The two-decades-long gay and lesbian boycott of Coors beer will end, it seems, not with a bang or even a whimper, but with the barely audible sound of money changing hands. At least that's the way it looked at a June 2 community meeting called by Christopher Street West, producers of the Los Angeles lesbian and gay pride celebration to discuss ending the boycott.
Gays and lesbians began shunning Coors 20 years ago in coalition with labor, African-American groups and others, in protest over the company's alleged racist and antigay practices and its heavy support of right-wing, anti-gay groups.
At the lightly publicized and sparsely attended West Hollywood meeting only three longtime activists advocated continuing the boycott. Arrayed against them was a succession of speakers, including two bar owners anxious to sell the Colorado brew, the ad director of a local gay magazine that had already sold ad space to Coors, two officials from OutFest, L.A.'s gay and lesbian film festival which had received sponsorship from the brewery and an L.A. Gay and Lesbian Center board member who had arranged Coors sponsorship for a Center fundraiser.
The pro-Coors speakers argued that the company has changed, pointing to the fact that the brewery now has a policy of nondiscrimination based on sexual orientation, domestic partner benefits and numerous other "gay-friendly" workplace policies. OutFest executive director Morgan Rumpf gushed that Coors' domestic partner benefits were "amazing." Several suggested that the pro-boycott speakers were "clinging to past hatreds" and argued it was wrong to hold the company responsible for the actions of "individual family members" who support anti-gay causes.
"You're being told lies and half-truths," responded Don Kilhefner, co-founder of the L.A. Gay and Lesbian Center. The Coors family controls the company, he argued, and pours the money they make from beer sales into "organizations that work day and night to prevent us from having our civil rights. Anybody who says there's no connection between your buying a Coors beer and the money going to those organizations is lying."
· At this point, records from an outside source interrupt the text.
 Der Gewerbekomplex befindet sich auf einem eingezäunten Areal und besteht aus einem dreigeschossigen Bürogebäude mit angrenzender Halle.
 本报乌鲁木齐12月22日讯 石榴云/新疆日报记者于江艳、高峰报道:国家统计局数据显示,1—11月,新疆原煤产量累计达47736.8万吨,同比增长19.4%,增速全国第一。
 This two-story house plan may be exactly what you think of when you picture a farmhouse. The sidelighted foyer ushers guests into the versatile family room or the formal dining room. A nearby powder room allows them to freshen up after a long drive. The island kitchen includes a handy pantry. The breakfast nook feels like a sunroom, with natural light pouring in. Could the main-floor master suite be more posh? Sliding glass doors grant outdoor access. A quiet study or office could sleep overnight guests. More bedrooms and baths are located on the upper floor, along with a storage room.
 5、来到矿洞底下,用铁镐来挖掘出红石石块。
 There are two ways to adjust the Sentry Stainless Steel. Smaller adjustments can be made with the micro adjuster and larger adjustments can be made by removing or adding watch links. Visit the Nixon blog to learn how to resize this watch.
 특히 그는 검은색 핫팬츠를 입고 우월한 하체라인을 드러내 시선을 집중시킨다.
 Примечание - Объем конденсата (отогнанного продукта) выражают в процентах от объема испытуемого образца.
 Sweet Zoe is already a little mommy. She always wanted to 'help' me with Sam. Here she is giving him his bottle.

A look at publicly available records suggests Kilhefner is right. The Coors family does indeed own all voting stock in the company and at least half, perhaps more, of the nonvoting stock, taking in at least $9.5 million in dividends alone each year. The family, as individuals and through the Coors-dominated Castle Rock Foundation (with William and Peter Coors, who also hold the two top executive slots at the brewery, as president and vice president) continues to be a major conduit of funds to such rabidly antigay groups as the Young America's Foundation and the Free Congress Foundation.
The Free Congress Foundation's chairman is Jeffrey Coors, who runs a spin-off company that sells Coors Brewing Co. much of its cardboard and paper packaging ($145 million worth in 1996). Last year Free Congress joined with other groups to file a court brief in the Hawaii same-sex marriage case arguing that gay marriage would be "repugnant to... the laws of nature and nature's God" and quoting 18th century legal scholar William Blackstone's description of sodomy as "an infamous crime against nature."
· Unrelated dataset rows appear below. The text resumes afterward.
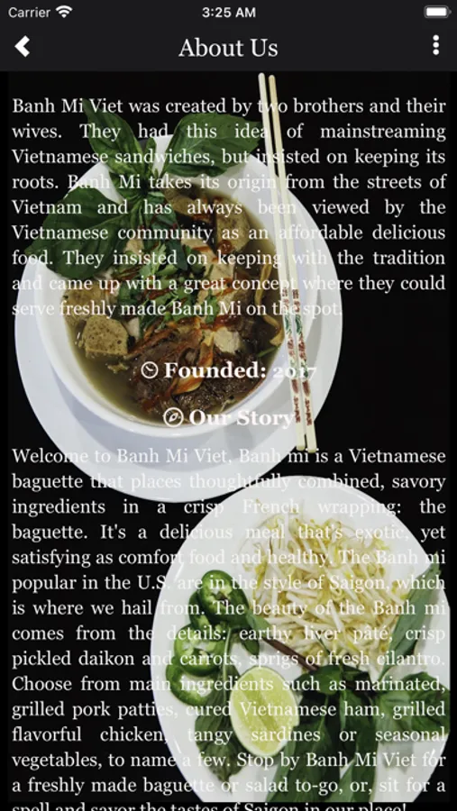 The application gives you the opportunity to order all dishes and drinks online up to 10 miles from Banh Mi Viet.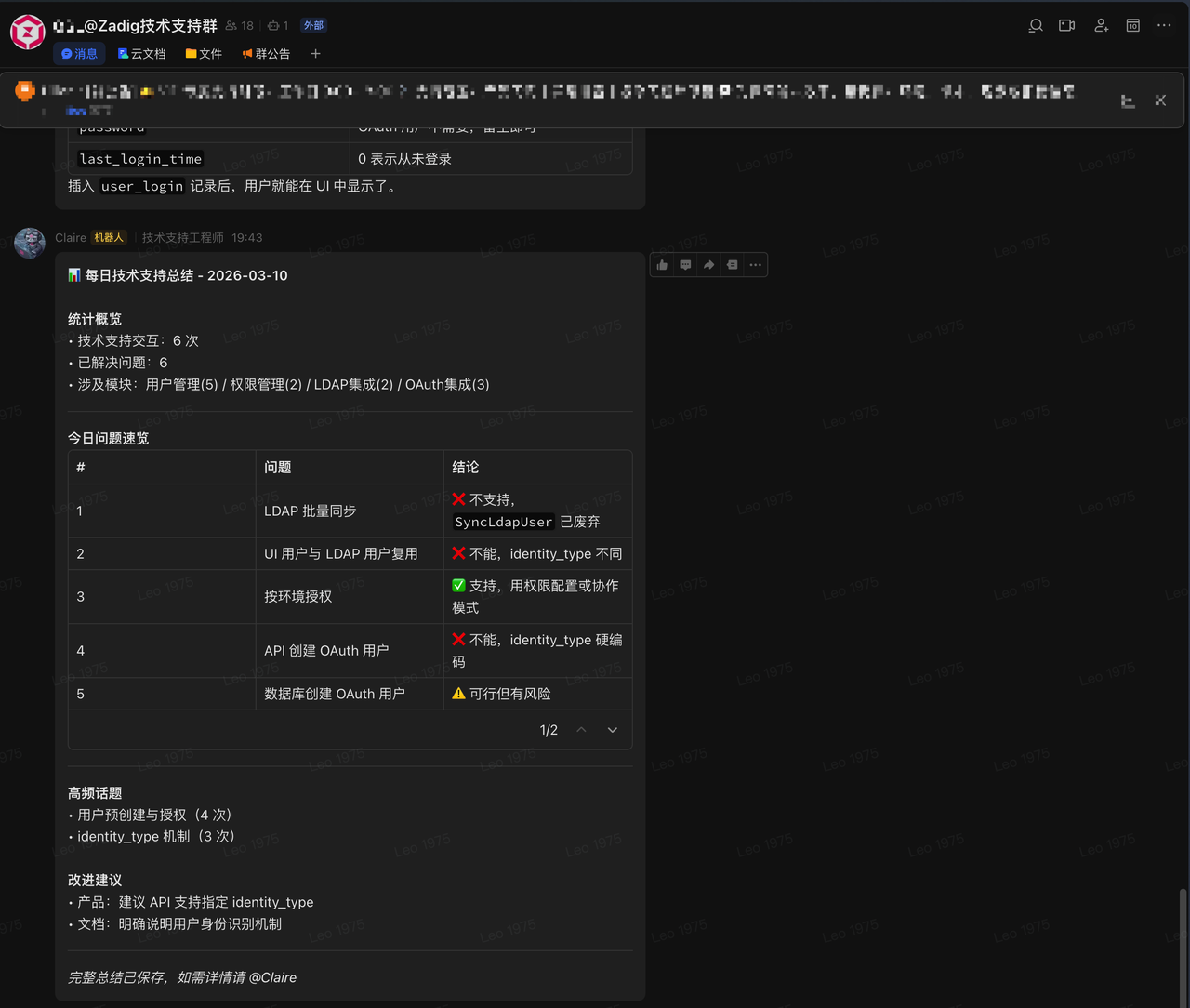 每天 18:00,Claire 自动巡检当天所有群的技术支持记录,生成每日总结: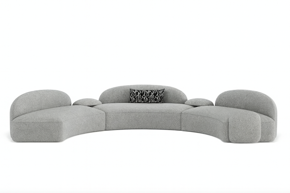 The Audra Sofa is a statement in sculptural comfort and refined Italian design. Wrapped in a soft grey performance cloth, this 3-piece C-shaped sectional blends luxurious curves with modern architecture, creating a warm and elegant focal point for any living space. Its generous proportions and fluid silhouette invite both lounging and conversation, while the modular form allows for organic room flow.
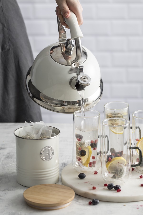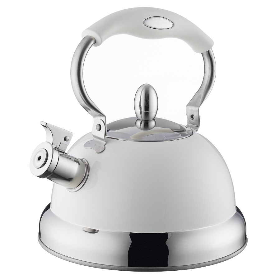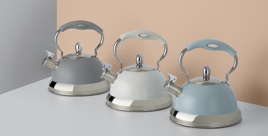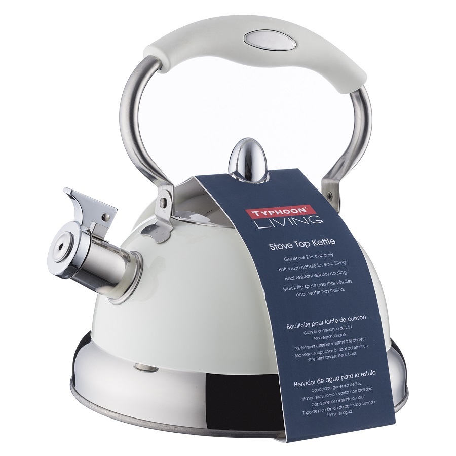 Чайник со свистком Living – практичная и удобная посуда для приготовления чая, кофе и других горячих напитков. Модель выполнена в мягких пастельных тонах, что позволяет ей стать гармоничным дополнением классического или современного интерьера кухни. При создании изделия мастера используют качественную нержавеющую сталь, которая не поддается воздействию коррозии и высокой температуры. На наружную поверхность корпуса нанесено термостойкое покрытие, которое придает изделию привлекательный внешний вид. Посуда дополнена мягкой ручкой для удобного захвата ладонью и свистком, который сигнализирует о закипании воды. Чайник Living бренда Typhoon подходит для любой варочной поверхности, в том числе для индукции.Объем: 2,5 л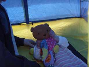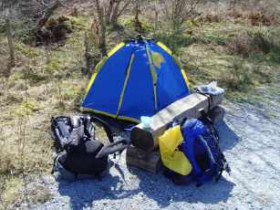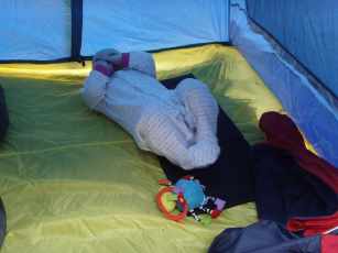 For stops you will really need a small tent, as you may be there some time, and nappy changes are best done somewhere warm and out of the wind. We used a Shelta pop-up beach tent that could be strapped to the side of a rucksack together with a small groundsheet. This kept the wind off, provided good ventilation on sunny days, and only took a minute or so to put up and to pack. The downside of a beach tent is that they are not designed for more than light drizzle.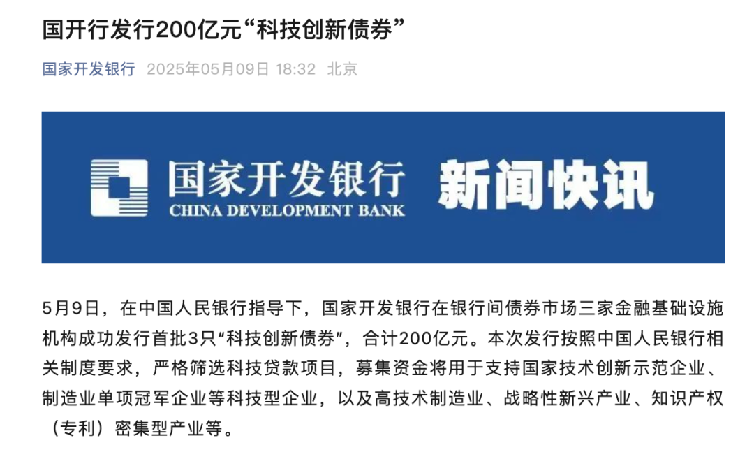 5月9日,国开行发布消息称,在央行指导下,该行在银行间债券市场成功发行首批3只科技创新债券,总额达200亿元。募集资金将专项用于支持国家技术创新示范企业、制造业单项冠军企业等科技型企业,以及高技术制造业、战略性新兴产业等领域。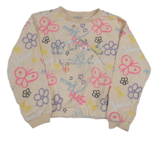 Pudrová crop mikina s motýly a nápismi Dopodopo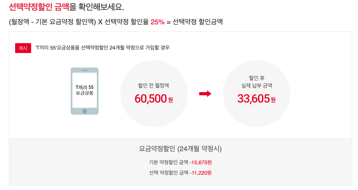 SKT에서는 요금약정할인과 선택약정할인을 제공하고 있으니, 꼭 한번 확인해보세요!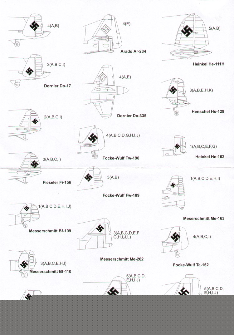 Luftwaffe/German Swastikas. Five sizes 250, 300, 400, 500, 600mm and six styles. See also Xtradecal X72036 for alternative Swastikas.
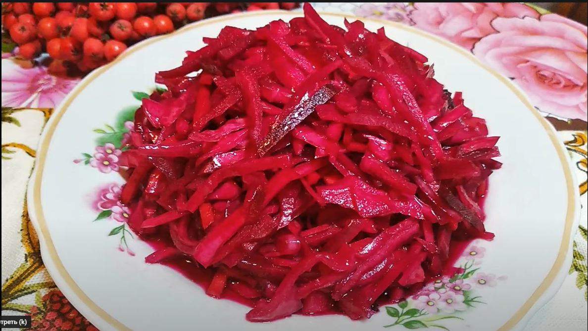Здравствуйте, дорогие хозяюшки! Самое время приготовить КРЕМЛЁВСКУЮ ХРЯПУ. Этот салат известен с советских времён, но я об этом рецепте узнала только в прошлом году и он стал одним из моих любимых салатов. Кремлёвская хряпа - это такая закуска, которую можно готовить всю зиму и она вам не надоест. Рецепт закуски отличается тем, что все овощи нарезаются ножом очень тонкими полосками. А в маринаде нет никаких специй и пряностей. Капуста получается очень хрустящая, вкусная и красивая. Подавать её можно и в будние дни и на праздничный стол. А ещё, говорят, что это был любимый салат Брежнева... Для приготовления нам понадобится: -Капуста - 1 кг -Свёкла - 1 шт. -Морковь - 2 шт. -Лук - 2 шт. -Вода - 3 стакана -Сахар - 15 ч.л. -Соль - 1 ст.л. -Уксус столовый - пол стакана -Масло подсолнечное нерафинированное - 2/3 стакана 1) Капусту нашинковать как можно мельче. 2) Лук, морковь и свёклу нарезать соломкой. В идеале не толще спички. 3) Смешать все овощи в кастрюле. 4) В отдельную кастрюлю налить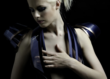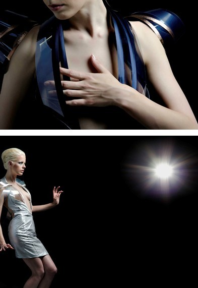 内文中还准备有视频――原来,这些衣服都内置有各种传感器,用来探测周围是否有人正看着自己,而一旦结果为真,它就会让自己像风儿吹动一般摇摆,并同时点亮蓝色的气氛光,让自己裙角飘飘似仙~ 设计:高英(音,Ying Gao) 2、一兴奋就会变透明的衣服 来自Studio Roosegaarde的创意,这款Intimacy 2.0是个极有情调的情趣高手,它能探测人的情绪,一旦穿着的人变得“兴奋”,它就能让自己变得透明……

But none of that seems to be stopping gay groups from lining up at the Coors gravy train as the company--anxious to get into the gay market after two straight years of declining sales--hands out small dollops of cash to queer groups while maintaining it bears no responsibility for the much larger anti-gay donations being made by the family members who run the company and the foundations those family members control.
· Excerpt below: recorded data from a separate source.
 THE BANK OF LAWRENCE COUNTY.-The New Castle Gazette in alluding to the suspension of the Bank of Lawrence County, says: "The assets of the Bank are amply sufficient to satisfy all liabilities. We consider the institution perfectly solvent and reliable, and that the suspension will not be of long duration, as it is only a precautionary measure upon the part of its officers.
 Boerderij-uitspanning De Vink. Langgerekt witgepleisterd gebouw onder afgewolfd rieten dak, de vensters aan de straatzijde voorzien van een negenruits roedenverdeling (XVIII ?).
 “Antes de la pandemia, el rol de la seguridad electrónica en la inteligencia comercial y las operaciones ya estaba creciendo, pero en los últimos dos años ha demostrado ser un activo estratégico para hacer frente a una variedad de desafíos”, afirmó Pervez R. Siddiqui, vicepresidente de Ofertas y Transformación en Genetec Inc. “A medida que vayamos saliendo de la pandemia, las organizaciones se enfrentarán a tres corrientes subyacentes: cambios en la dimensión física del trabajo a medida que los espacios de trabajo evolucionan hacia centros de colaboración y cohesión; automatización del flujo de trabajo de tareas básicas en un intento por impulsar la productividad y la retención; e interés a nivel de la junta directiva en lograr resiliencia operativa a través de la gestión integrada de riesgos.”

Even in San Francisco, one of the last major bastions of resistance, organizers of the drive to build a $2.5 million lesbian and gay community center were ready to accept Coors sponsorship of a fundraiser without bothering to even check with community activists who might object or with experts on the radical right--until this reporter, working on a story for the San Francisco Bay Times, began asking unpleasant questions. Meanwhile, a local bar rag called Hype ran a full-page Coors ad on the back cover of its June issue, while inside it reprinted a story from San Jose's OutNow whose only apparent source was a single Coors employee--and which, not surprisingly, hyped the company's plusses while brushing aside "rumored support for anti-gay causes."
Al Ross, who follows the extreme right for the Center for Democracy Studies, a project of The Nation Institute, affiliated with The Nation magazine, is appalled that so many in the gay community want to reconcile with Coors. "Coors is really bad news," he says, adding that after "40 years of backing fascism and terror" it is absurd to believe the company has had a true change of heart. "You'd have to be deliberately naive to believe that."
One cynic who sat through the L.A. meeting summed it up more bluntly, quoting J.R. Ewing, the sleazebag character from the TV show "Dallas": "Once you give up integrity, the rest is a piece of cake."